I mean it looks exactly like JS with an additional % placeholder.


And a lot more like JS than the F# proposal.


How so? JS already has operators, but placeholders is a totally new concept


Is there another JavaScript feature that looks like a list of function names but which causes actions to be performed? Or operators that operate on both functions and values? The placeholders are very similar to variables, so do what they look like they do, and it's only the implicit definition that is new. The explicit placeholders feel much more like JavaScript to me than the implicit function calling of the F# proposal.


- functions and lambdas are already first-class values in JS

- we already have operators on values, such as +

- |> is just another operator on values


It absolutely is, but time and time again TC39 has followed few champions over the waves of people favoring F# pipes.

It's incredible to me TC39 would rather have this monstruosity over F# pipes which are actually pretty similar to how most pipes work and read in most functional languages including unix `|` one.


On the flipside, I think that this is still such an ongoing debate is part of why the pipeline operator is still stuck in Stage 2 and having trouble getting into Stage 3, despite being listed as a "priority" multiple times on and before 2020. TC-39 isn't blindly following anyone here, they seem to be dragging their heels hoping that someone comes along with an even better compromise between the styles.


Before ES6: “The arrow function proposal is horrible imo because it doesn’t look like JS anymore.”


"Why did it take so long?" and "Pointless bloat!" reactions were much more common:

https://news.ycombinator.com/item?id=3780367

https://news.ycombinator.com/item?id=6418337


It’s a balance.
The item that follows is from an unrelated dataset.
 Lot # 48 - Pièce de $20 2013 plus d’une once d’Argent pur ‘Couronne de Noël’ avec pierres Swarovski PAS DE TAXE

I actually support the addition of the F# proposal, minus the await parts.


I think we should have BOTH.

Use |> for the Hack proposal

and -> for F# -style.


I'd far rather save that for an alternative switch expression with pattern matching.
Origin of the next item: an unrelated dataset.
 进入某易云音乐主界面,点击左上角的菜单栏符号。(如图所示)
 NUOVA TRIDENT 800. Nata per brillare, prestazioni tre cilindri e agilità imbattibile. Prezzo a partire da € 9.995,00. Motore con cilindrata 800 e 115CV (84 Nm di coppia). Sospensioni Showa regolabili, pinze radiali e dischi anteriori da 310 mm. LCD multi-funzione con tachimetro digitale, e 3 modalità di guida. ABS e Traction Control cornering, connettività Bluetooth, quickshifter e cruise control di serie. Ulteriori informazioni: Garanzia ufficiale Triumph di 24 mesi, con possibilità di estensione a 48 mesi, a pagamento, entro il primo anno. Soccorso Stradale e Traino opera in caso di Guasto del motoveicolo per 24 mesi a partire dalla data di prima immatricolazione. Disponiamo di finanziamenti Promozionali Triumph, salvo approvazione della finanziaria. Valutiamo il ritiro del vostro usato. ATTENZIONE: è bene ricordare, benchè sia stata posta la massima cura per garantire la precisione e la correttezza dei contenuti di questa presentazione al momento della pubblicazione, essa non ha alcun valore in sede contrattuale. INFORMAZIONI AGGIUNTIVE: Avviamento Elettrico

    const slowSum = (lst: {x: number}[]) =>
      switch(list) {
        [{x}, ...y]   -> x + slowSum(y) //not tail recursive
        [{x}, {x: y}] -> x + y          //alias second x to y
        [{x}]         -> x              //handle length 1
        []            -> 0              //handle length 0
      }


Having been watching, and a couple times playing with Rust... would definitely like a similar pattern matching system in JS. I still feel the C# syntax for this feels a bit alien `varname switch {...}`.


As an F# developer who also does some JS and Java this would confuse the hell out of me!

|> is the best operator


There's no need. The % placeholder can be used for a consise lambda syntax and would work with a F# application operator.